**DATA SHOWN:**

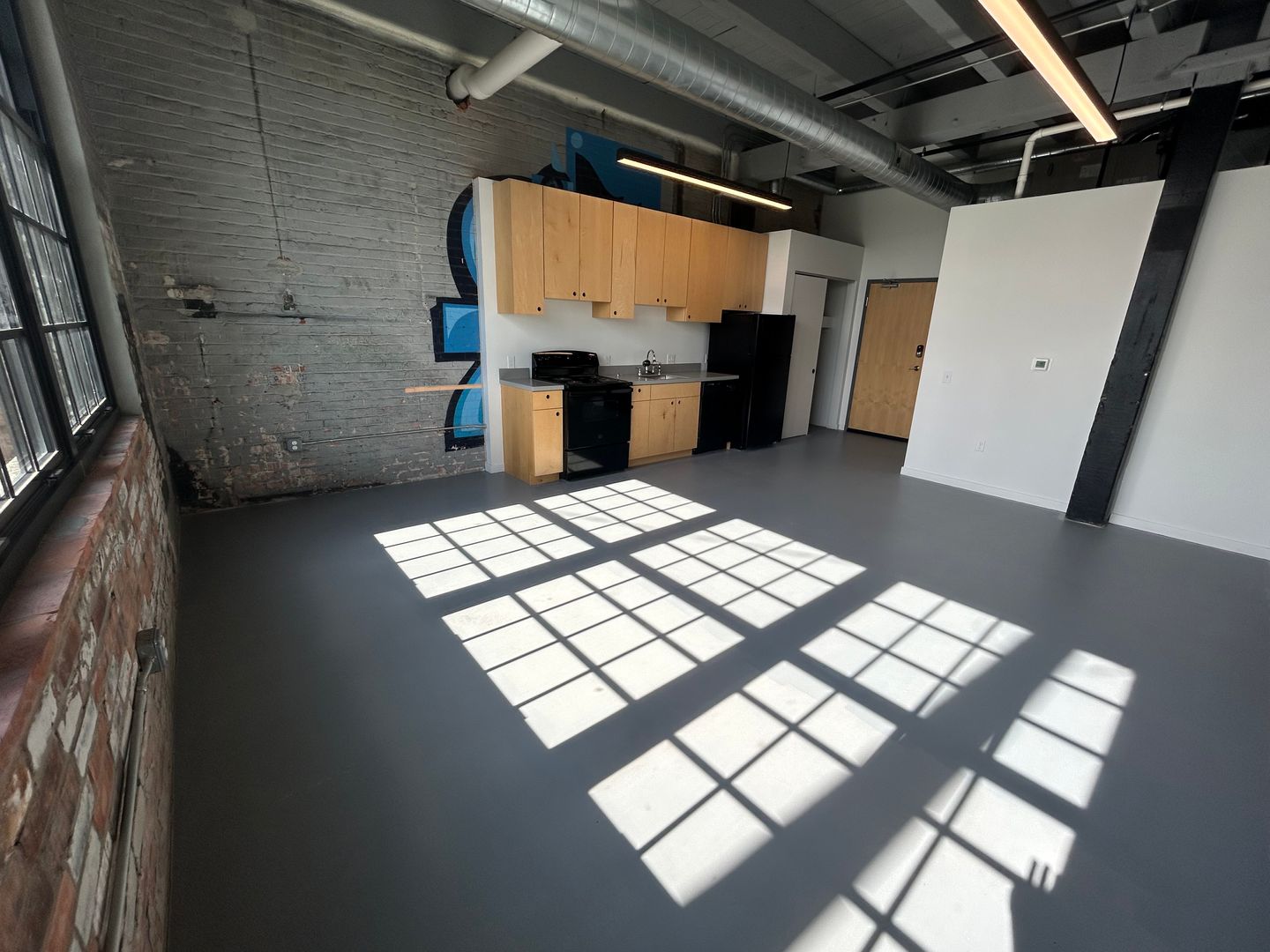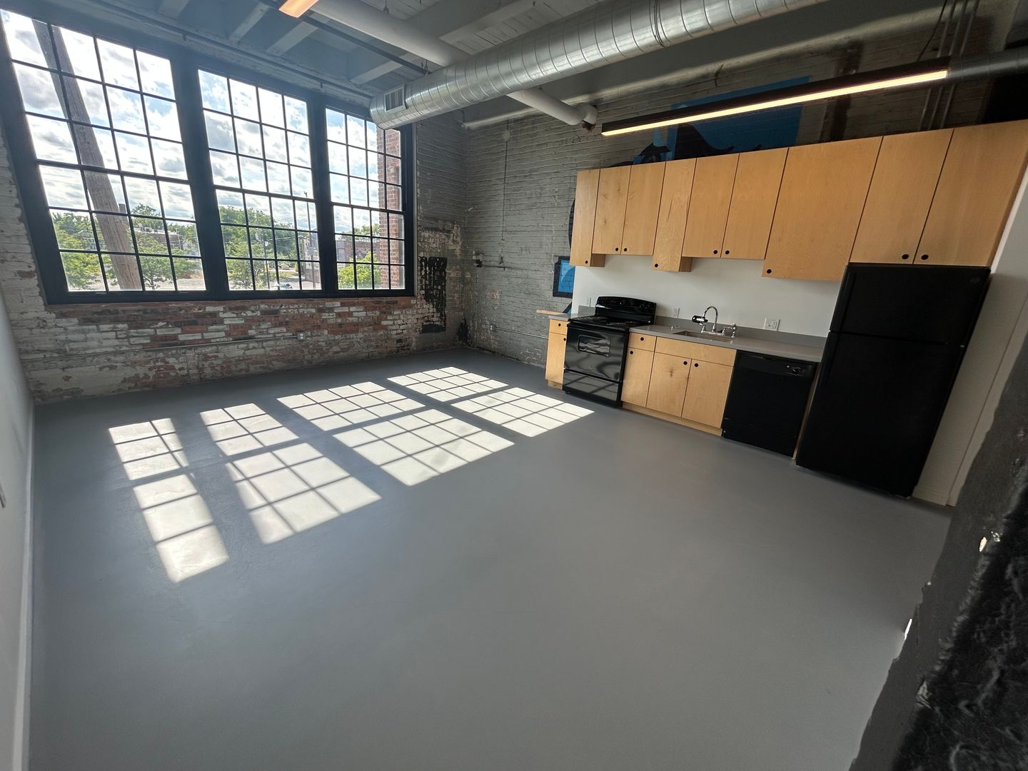Studio units are the most common space available at Dreamtroit. Raw and industrial but with comfortable and efficient kitchen and bath, these micro loft style units come in a multitude of sizes. Useable for living space, small business, or artist/musician studio.
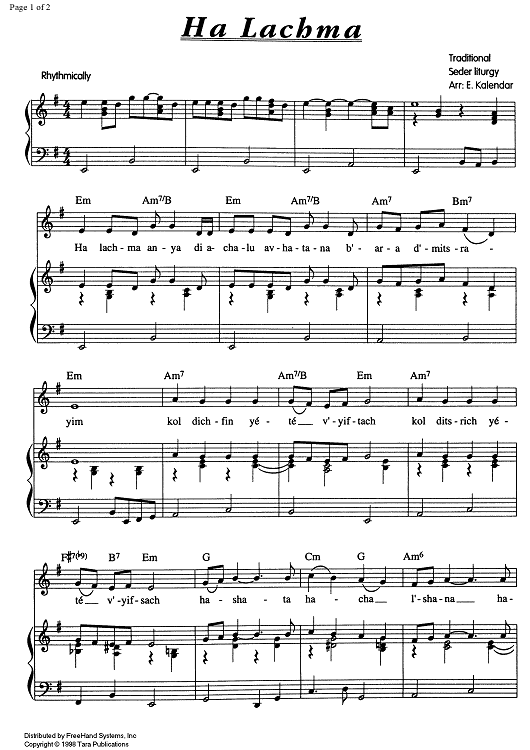 Digital Sheet Music for Ha Lachma by , Edward Kalendar, Traditional scored for Voice/Piano; id:343869
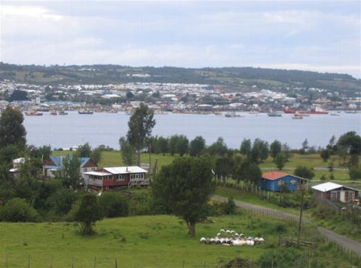 Before returning to Castro where we were staying, we drove to Quellon, where the highway ends in Chiloe. This is a view of Quellon from the south side.
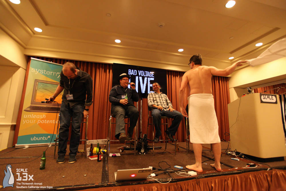 Bryan Lunduke in towel at Bad Voltage Live 2015 while the others mock
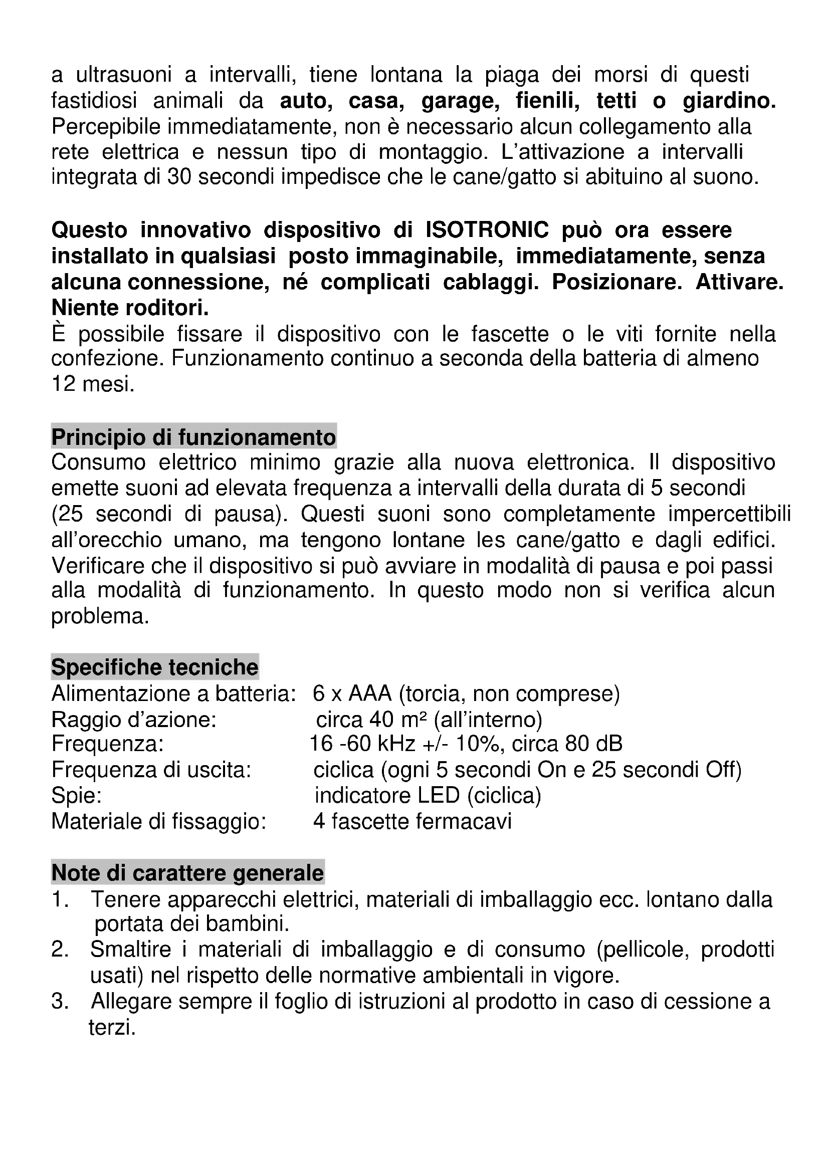 Gentile cliente, La ringraziamo per aver acquistato un prodotto Isotronic. Prima delll΄uso, legga attentamente le istruzioni e le custodisca, per eventuali tuture necessità. Descrizione del prodotto L’innovativo anti- cane/gatto mobile di ISOTRONIC. Alimentazione a batterie, mobile ed altamente efficace. Non sarà più necessario in futuro alterarsi per le indesiderate visite di cane/gatto nei propri spazi. ISOTRONIC Anti-Cane/Gatto Mobile, graziea ultrasuoni a intervalli, tiene lontana la piaga dei morsi di questi fastidiosi animali da auto, casa, garage, fienili, tetti o giardino. Percepibile immediatamente, non è necessario alcun collegamento alla rete elettrica e nessun tipo di montaggio. L’attivazione a intervalli integrata di 30 secondi impedisce che le cane/gatto si abituino al suono. Questo innovativo dispositivo di ISOTRONIC può ora essere installato in qualsiasi posto immaginabile, immediatamente, senza alcuna connessione, né complicati cablaggi. Posizionare. Attivare. Niente roditori. È possibile fissare il dispositivo con le fascette o le viti fornite nella confezione. Funzionamento continuo a seconda della batteria di almeno 12 mesi. Principio di funzionamento Consumo elettrico minimo grazie alla nuova elettronica. Il dispositivo emette suoni ad elevata frequenza a intervalli della durata di 5 secondi (25 secondi di pausa). Questi suoni sono completamente impercettibili all’orecchio umano, ma tengono lontane les cane/gatto e dagli edifici. Verificare che il dispositivo si può avviare in modalità di pausa e poi passi alla modalità di funzionamento. In questo modo non si verifica alcun problema. Specifiche tecniche Alimentazione a batteria: 6 x AAA (torcia, non comprese) Raggio d’azione: circa 40 m² (all’interno) Frequenza: 16 -60 kHz +/- 10%, circa 80 dB Frequenza di uscita: ciclica (ogni 5 secondi On e 25 secondi Off) Spie: indicatore LED (ciclica) Materiale di fissaggio: 4 fascette fermacavi Note di carattere generale
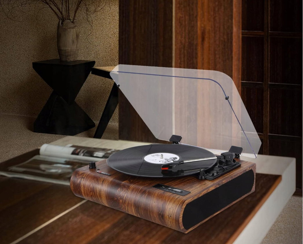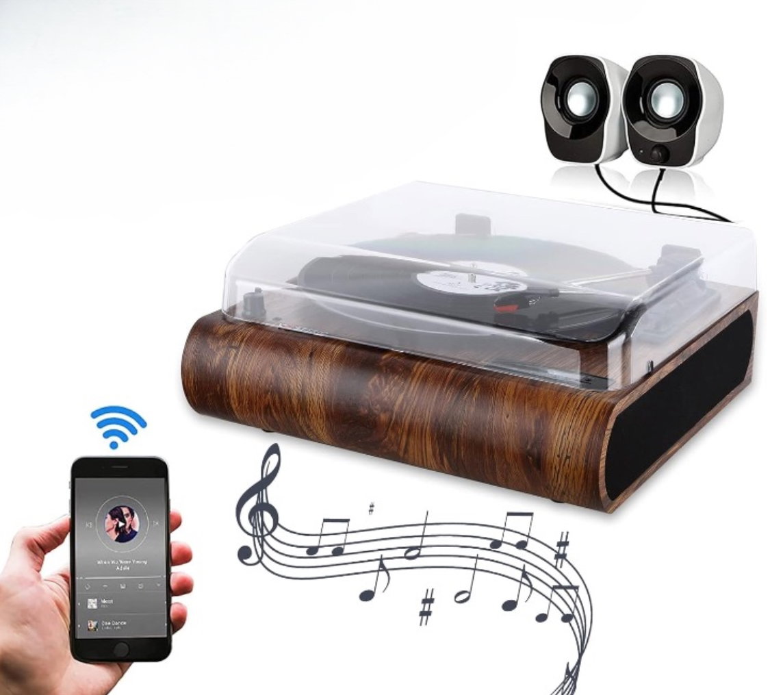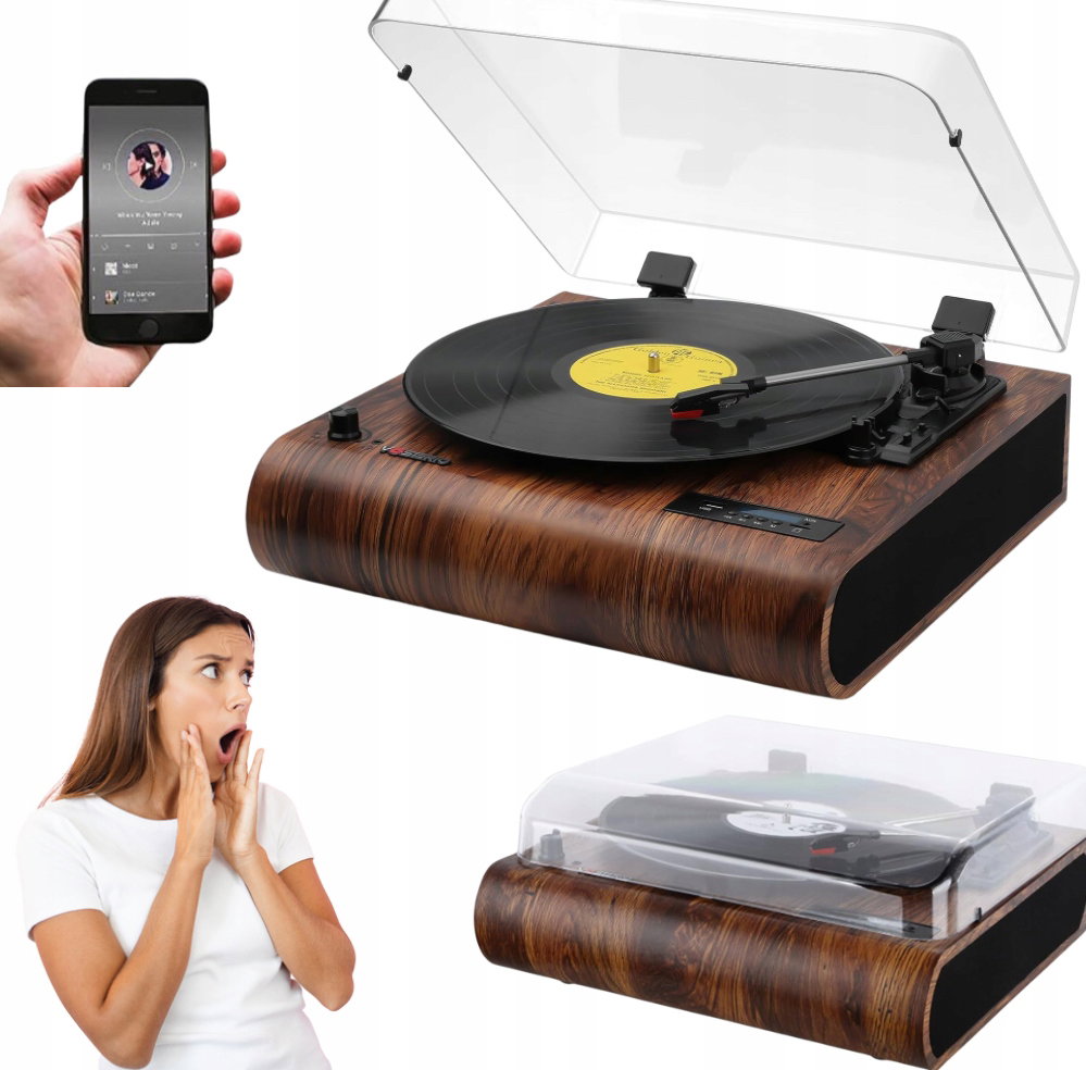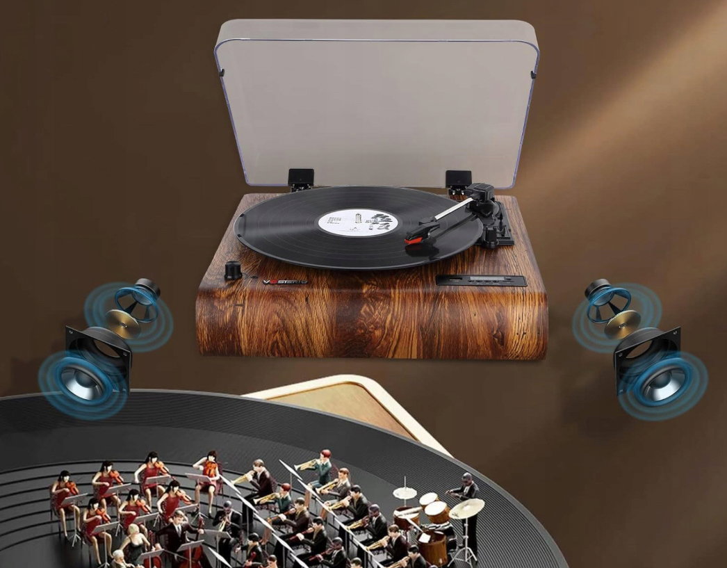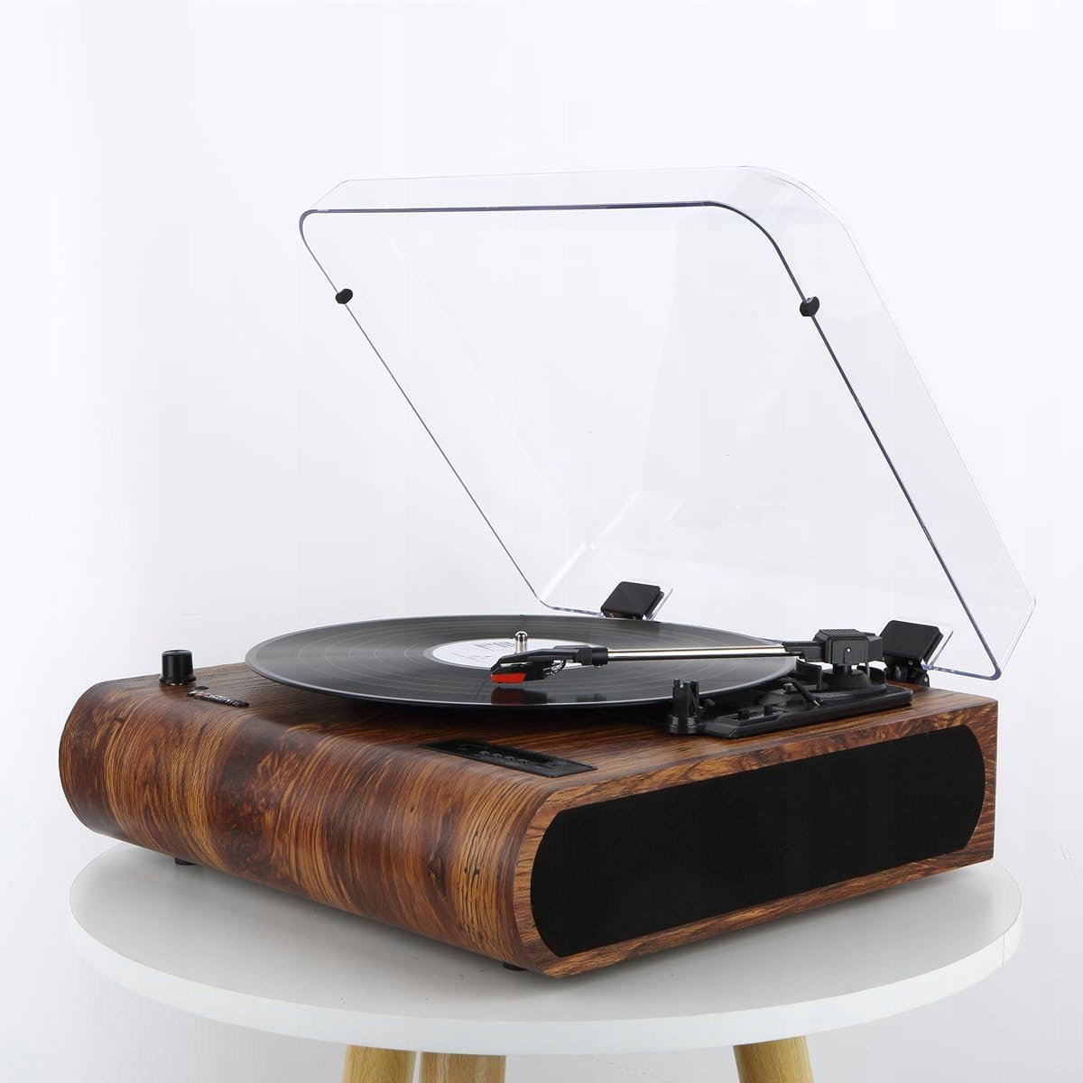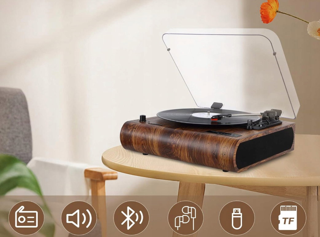 Ten elegancki gramofon w stylu retro nie tylko odtwarza wszystkie rozmiary winyli z trzema prędkościami (33⅓, 45 i 78 obr./min), ale także pełni funkcję głośnika Bluetooth, radia FM oraz odtwarzacza USB/TF/Aux-in.

**ABOUT THIS TASK:** Would it be possible to give the material above again exactly, with the pictures left out?

**ANSWER TO THE EXERCISE:**
Studio units are the most common space available at Dreamtroit. Raw and industrial but with comfortable and efficient kitchen and bath, these micro loft style units come in a multitude of sizes. Useable for living space, small business, or artist/musician studio.
 Digital Sheet Music for Ha Lachma by , Edward Kalendar, Traditional scored for Voice/Piano; id:343869
 Before returning to Castro where we were staying, we drove to Quellon, where the highway ends in Chiloe. This is a view of Quellon from the south side.
 Bryan Lunduke in towel at Bad Voltage Live 2015 while the others mock
 Gentile cliente, La ringraziamo per aver acquistato un prodotto Isotronic. Prima delll΄uso, legga attentamente le istruzioni e le custodisca, per eventuali tuture necessità. Descrizione del prodotto L’innovativo anti- cane/gatto mobile di ISOTRONIC. Alimentazione a batterie, mobile ed altamente efficace. Non sarà più necessario in futuro alterarsi per le indesiderate visite di cane/gatto nei propri spazi. ISOTRONIC Anti-Cane/Gatto Mobile, graziea ultrasuoni a intervalli, tiene lontana la piaga dei morsi di questi fastidiosi animali da auto, casa, garage, fienili, tetti o giardino. Percepibile immediatamente, non è necessario alcun collegamento alla rete elettrica e nessun tipo di montaggio. L’attivazione a intervalli integrata di 30 secondi impedisce che le cane/gatto si abituino al suono. Questo innovativo dispositivo di ISOTRONIC può ora essere installato in qualsiasi posto immaginabile, immediatamente, senza alcuna connessione, né complicati cablaggi. Posizionare. Attivare. Niente roditori. È possibile fissare il dispositivo con le fascette o le viti fornite nella confezione. Funzionamento continuo a seconda della batteria di almeno 12 mesi. Principio di funzionamento Consumo elettrico minimo grazie alla nuova elettronica. Il dispositivo emette suoni ad elevata frequenza a intervalli della durata di 5 secondi (25 secondi di pausa). Questi suoni sono completamente impercettibili all’orecchio umano, ma tengono lontane les cane/gatto e dagli edifici. Verificare che il dispositivo si può avviare in modalità di pausa e poi passi alla modalità di funzionamento. In questo modo non si verifica alcun problema. Specifiche tecniche Alimentazione a batteria: 6 x AAA (torcia, non comprese) Raggio d’azione: circa 40 m² (all’interno) Frequenza: 16 -60 kHz +/- 10%, circa 80 dB Frequenza di uscita: ciclica (ogni 5 secondi On e 25 secondi Off) Spie: indicatore LED (ciclica) Materiale di fissaggio: 4 fascette fermacavi Note di carattere generale
 Ten elegancki gramofon w stylu retro nie tylko odtwarza wszystkie rozmiary winyli z trzema prędkościami (33⅓, 45 i 78 obr./min), ale także pełni funkcję głośnika Bluetooth, radia FM oraz odtwarzacza USB/TF/Aux-in.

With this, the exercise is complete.